Over medium high heat pour a small glug of olive oil in the pot
and brown your lardons,set aside.
Pat dry the stew meat and salt and pepper .
Brown the meat a few pieces at a time,set aside.
Toss in the onion and carrots,and saute over med heat for a couple minutes.
Add the garlic and saute for a minute more.
Add the meat and lardons and sprinkle the flour over it all and
coat the meat and vegetables.
Pour the wine in and scrape up all those wonderful brown bits.
You can use a little beef stock too ,you want to just cover the meat,but I usually just add more wine . Burgundy is ideal but a
good Pinot Noir will do.
Add the bay leaf ,thyme and tomato paste( I buy this stuff from italy
in a tube),stir it all up and stick it in the oven for an hour,checking it every so often to make sure it isn't sticking or cooking too hot.
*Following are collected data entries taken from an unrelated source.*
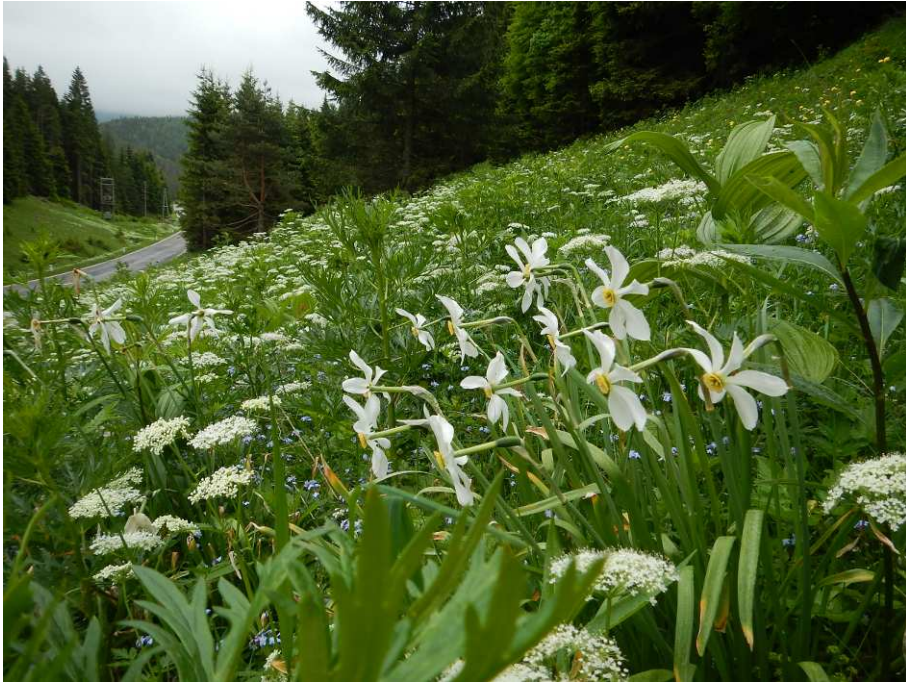
Abb. 1: Artenreiche Wiesenbrache im Karnerbachtal nordöstlich von Ulreichsberg im Übergang zwischen Goldhaferwiese und Hochstaudenflur
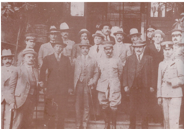
Los sobrevivientes del carrancismo le ofrecieron un banquete al general zacatecano, luego de ser liberados.
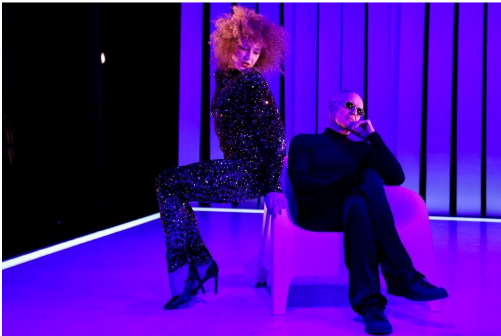
Frenák Társulat: Nostalg_Y

A közel egy évtized alatt, független finanszírozásból készült film Frenák Pál koreográfus kivételes életét és művészetét mutatja be. Az alkotók – élükön a New York-i producerrel, Vittoria de Bruinnel – óriási munkát végeztek, szívből gratulálunk a végeredményhez, és büszkék vagyunk, hogy a magyarországi premier a mi falaink között valósulhatott meg.
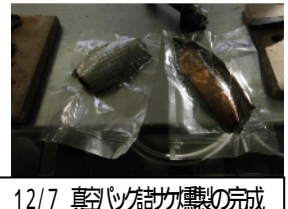
12/7 真空パック餃子製の完成
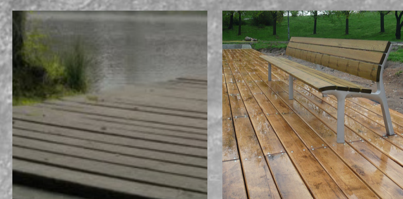
Tůňka s odpočinkovým molem
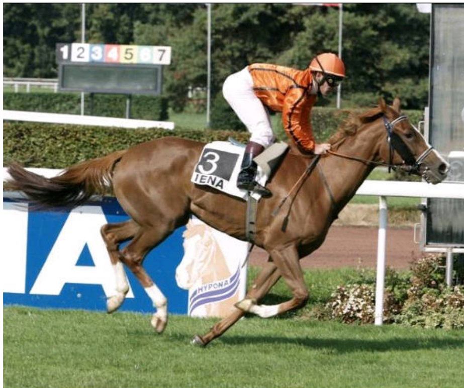
Endurance Stute KAHRMA, 2005 (Dormane x Kahloucha)

Als 3- und 4-jährige Stute verbrachte KAHRMA zwei Jahre im Trainingsquartier von Franziska Aeschbacher in Avenches. Insgesamt lief sie in dieser Zeit 9 internationale Flachrennen und war 7 Mal im Geld platziert. 2008 war sie Champion Rennpferd der Schweiz und absolvierte im gleichen Jahr wie auch 2009 zweimal die SZAP Leistungsprüfung Rennen.
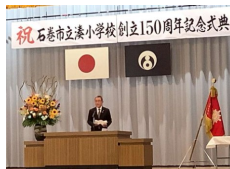
宍戸健悦教育長の祝辞
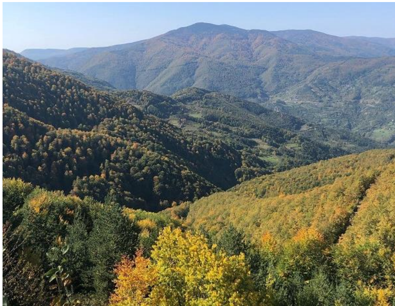
Resim 6. . Ezine çayını besleyen üst havza görüntüsü
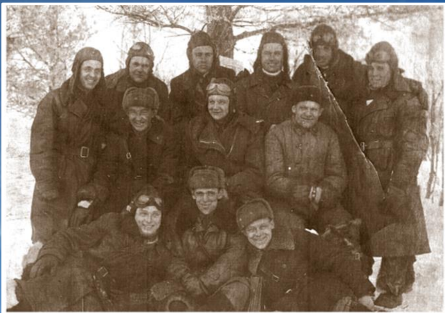
Летчики 158 ИАП, 1942 год

В 1939-м был призван в армию и по спецнабору был направлен в Читинскую военную авиационную школу пилотов. Позднее школа из Читы была переведена в Батайск.

After an hour add the potatoes and simmer for another hour in the oven.
Now sautee the mushrooms and pearl onions in a little butter.
Toss in the pot and cook for another half hour.
Now I let the pot cool,and stick it in the fridge for a day or so,it's better 2 days later. I then heat the oven to 325 and cook it for another 45 minutes to an hour and serve it with good crusty italian or french bread.
This stew will get you laid!! Enjoy!